IEEPEA also arguably changed the scienter requirement for criminal prosecutions from willfully violating IEEPA to willfully committing an unlawful act. That brings it closer to the way DoJ has been drafting indictments and arguing in recent criminal cases, i.e., instead of tracking the words of the statute, DoJ has been crafting the indictments as willfully exporting without a license, which they know most juries and certain judges will interpret as simply (1) willfully exporting and (2) not having a license, instead of willfully violating some very complex regulations. Most jurors go into the court with the misconception that you have to have a license for all exports or at least for exporting and once some AUSA proves that the defendant knew it was exporting something to some “foreigner”, juries are ready to hang the defendant themselves. Amending the AECA to mirror IEEPEA will increase juror confusion and let DoJ rack up a higher body count.

The folks at the Trade Ministry in Beijing are no doubt very pleased.

Comment by Hillbilly on May 22nd, 2009 @ 1:44 pm

Regarding the satellite provision, I read it as limiting the power of the President.

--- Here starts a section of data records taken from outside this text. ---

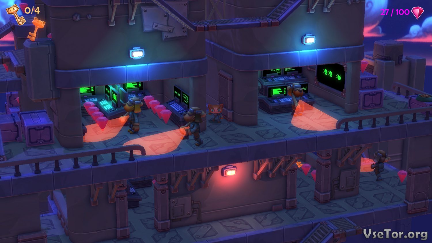 Самое же интересное заключается в том, что в Cat Burglar A Tail of Purrsuit вас не будут заставлять стрелять, убивать и крошить противников. Ваша главная задача в этой игре, это сбор драгоценностей, специальных камней на уровнях. Казалось бы, ничего сложного – бегай себе да ищи различные драгоценности и сокровища, собирай их и направляйся к выходу после их сбора. Но на самом деле все то сделать не так уж и просто, ведь, во-первых, вас будут преследовать, а во-вторых, сами уровни здесь выполнены в лабиринтной стилистике.
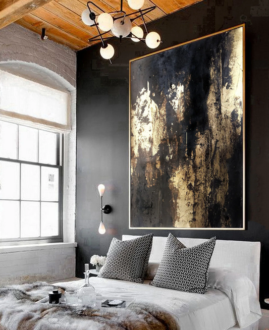 Cuadro Pintado a Mano textura , Dorado y Negro Abstracto
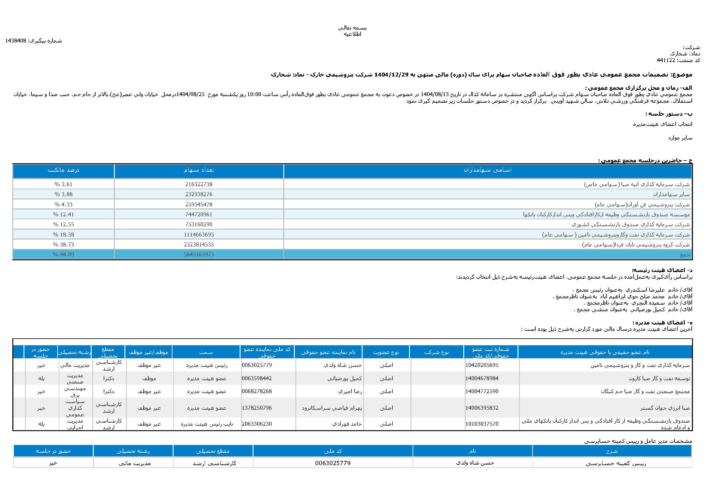 تصمیمات مجمع عمومی عادی به طور فوق العاده دوره ۱۲ ماهه منتهی به 14041229
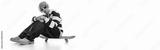 Stylish teenager showcases fashion and confidence on a skateboard background

Section 826(a) of the bill permits the President to remove satellites from the USML (1) consistent with the procedures of Section 38(f) of the Arms Export Control Act, and (2) consistent with Section 826(b)(China) and (d) (90 days notice). But under Section 38(f) of the AECA the President is already empowered to remove items from the USML; thus the bill only adds the China restriction and the 90 days notice restriction to that power!

Am I missing something?

Comment by Josh on May 25th, 2009 @ 7:13 am

I also read the satellite provision as limiting the power of the President to remove satellites and associated equipment from the USML unless the removal results in the items being classified in an ECCN that does not allow export to China.

(Thus only partially undoing the FY99 National Defense Authorization Act requirement that all satellites and associated equipment, including commercial and research satellites, be ITAR-controlled.)